SocialGesture: Delving into Multi-person Gesture Understanding
This addresses the problem of understanding social context in gestures for researchers in computer vision and human-computer interaction, though it is incremental as it focuses on dataset creation.
The authors tackled the lack of multi-person gesture datasets by introducing SocialGesture, a large-scale dataset for multi-person gesture analysis, and found that current gesture recognition models have limitations, as highlighted through a novel VQA task.

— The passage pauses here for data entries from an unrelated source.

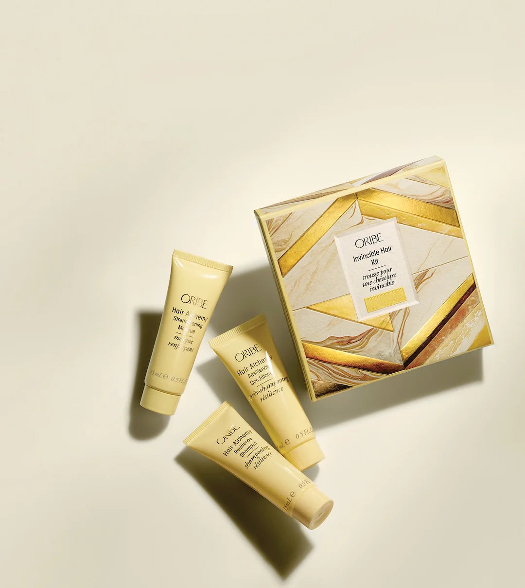 Receive a complimentary Invincible Hair Kit with the purchase of any two full-size Oribe products.
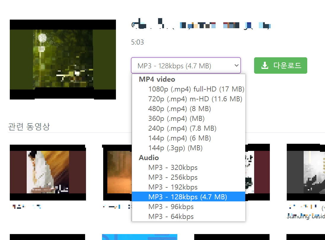 이부분에서 유튜브 음원 추출을 하기 위해 MP4 비디오 형식으로 다운로드 할지, MP3 오디오 파일로 다운로드 할지 선택하시면 되겠습니다. 저는 음원 추출을 위해 mp3를 선택했습니다.
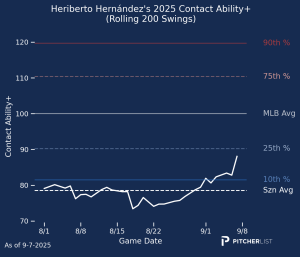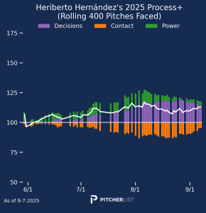 Heriberto was called up right at the end of May and promptly set the league ablaze with a .933 OPS through 57 plate appearances in June. He fell off a bit in July with an .853 OPS over 51 plate appearances and fell even further in August with a .642 OPS. Hernandez has a strong barrel rate over 10%, a solid hard-hit rate over 43%, and an alright exit velocity just under 90 MPH. He walks enough and is good at laying off pitches out of the zone, but his 36% whiff rate is a big problem that has contributed to a strikeout rate over 27%.
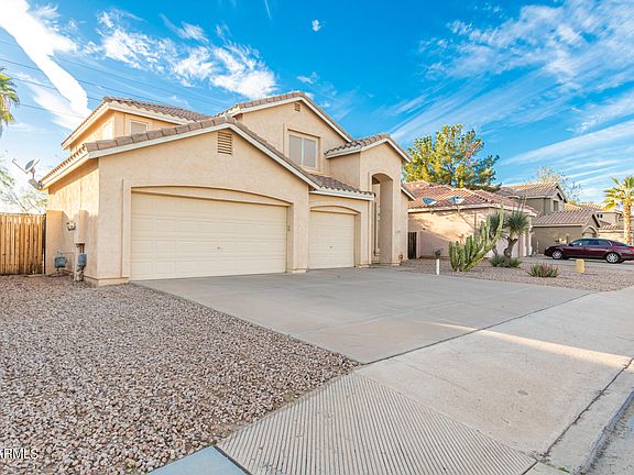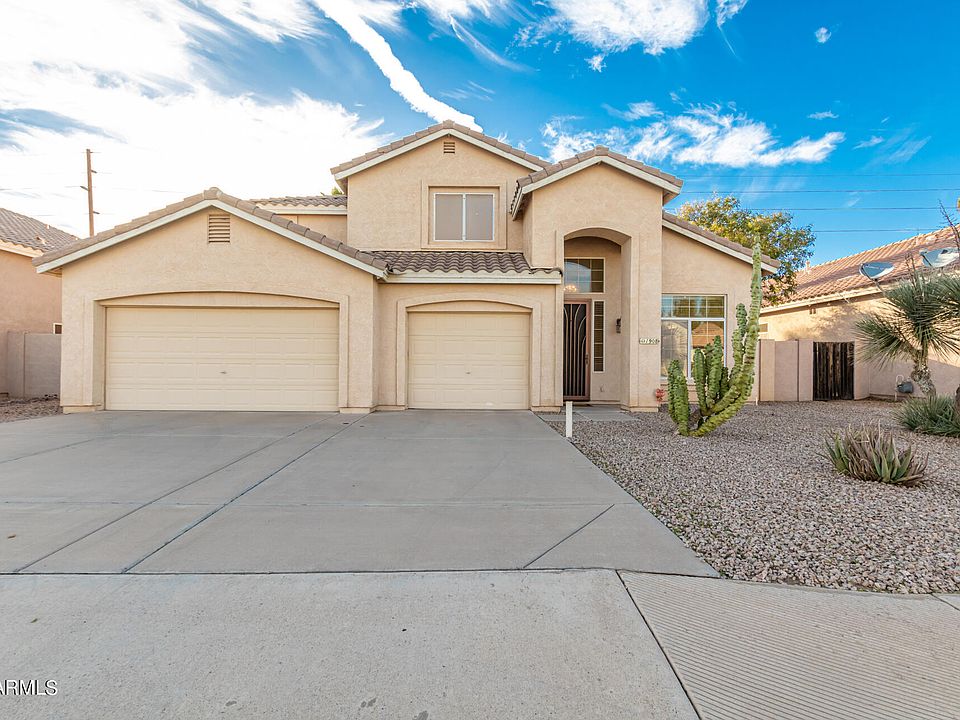 This remarkable home will surely impress you! Discover the beauty of this two-story residence boasting a desert front yard & a 3-car garage. The inviting interior highlights spacious living areas complemented w/soaring vaulted ceilings, decorative light fixtures, picture-perfect windows, & sleek wood-style flooring. The heart of this home is the gourmet kitchen, including granite counters, rich wood shaker cabinetry, a pantry, SS appliances, an island w/a breakfast bar, & a breakfast nook w/a bay window. Retreat to the main bedroom upstairs, featuring a designer's paint, an ensuite w/dual sinks, a glass shower, & a walk-in closet. Enjoy alfresco dining under the covered patio, play on the verdant lawn, or plunge into the refreshing pool in the vast backyard! This gem will not disappoint!
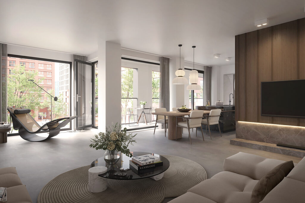 De City Houses, gelegen op de begane grond, combineren moderne architectuur met hoogwaardige afwerking en duurzaamheid. Met woonoppervlaktes van circa 99 tot 113 m², twee of drie slaapkamers en een zonnige zuidelijke oriëntatie zijn deze woningen ideaal voor zonliefhebbers. De 2-laagse indeling met mezzanine zorgt voor een eigentijdse en ruimtelijke woonervaring.
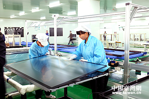 工人們正在進行液晶屏組裝。(中國臺灣網 普燕 攝)
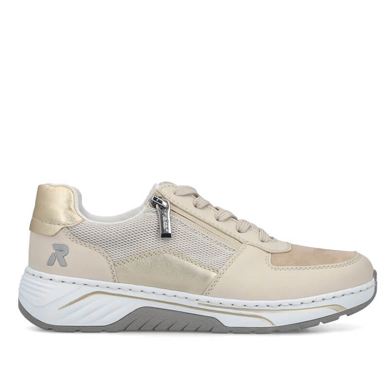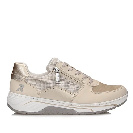 • Sneakersy damskie Rieker 53101-60 beżowe sznurowane na platformie
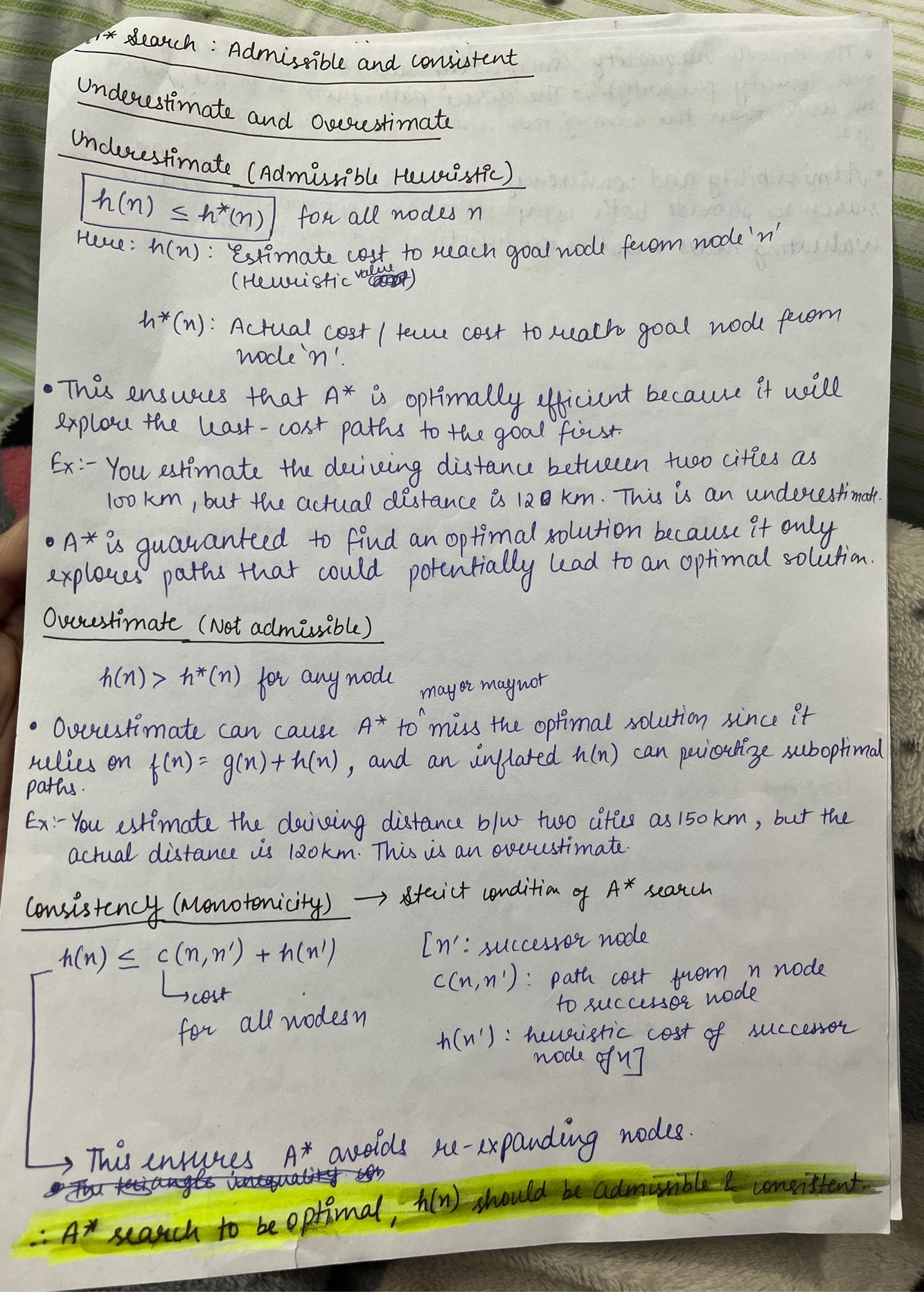 The triangle inequality conceptually resembles ‘consistency monotonicity property’ :- The direct path from n to the goal is no longer than the sum of two shorter paths from n to n’ to the goal.

Previous research in human gesture recognition has largely overlooked multi-person interactions, which are crucial for understanding the social context of naturally occurring gestures. This limitation in existing datasets presents a significant challenge in aligning human gestures with other modalities like language and speech. To address this issue, we introduce SocialGesture, the first large-scale dataset specifically designed for multi-person gesture analysis. SocialGesture features a diverse range of natural scenarios and supports multiple gesture analysis tasks, including video-based recognition and temporal localization, providing a valuable resource for advancing the study of gesture during complex social interactions. Furthermore, we propose a novel visual question answering (VQA) task to benchmark vision language models'(VLMs) performance on social gesture understanding. Our findings highlight several limitations of current gesture recognition models, offering insights into future directions for improvement in this field. SocialGesture is available at huggingface.co/datasets/IrohXu/SocialGesture.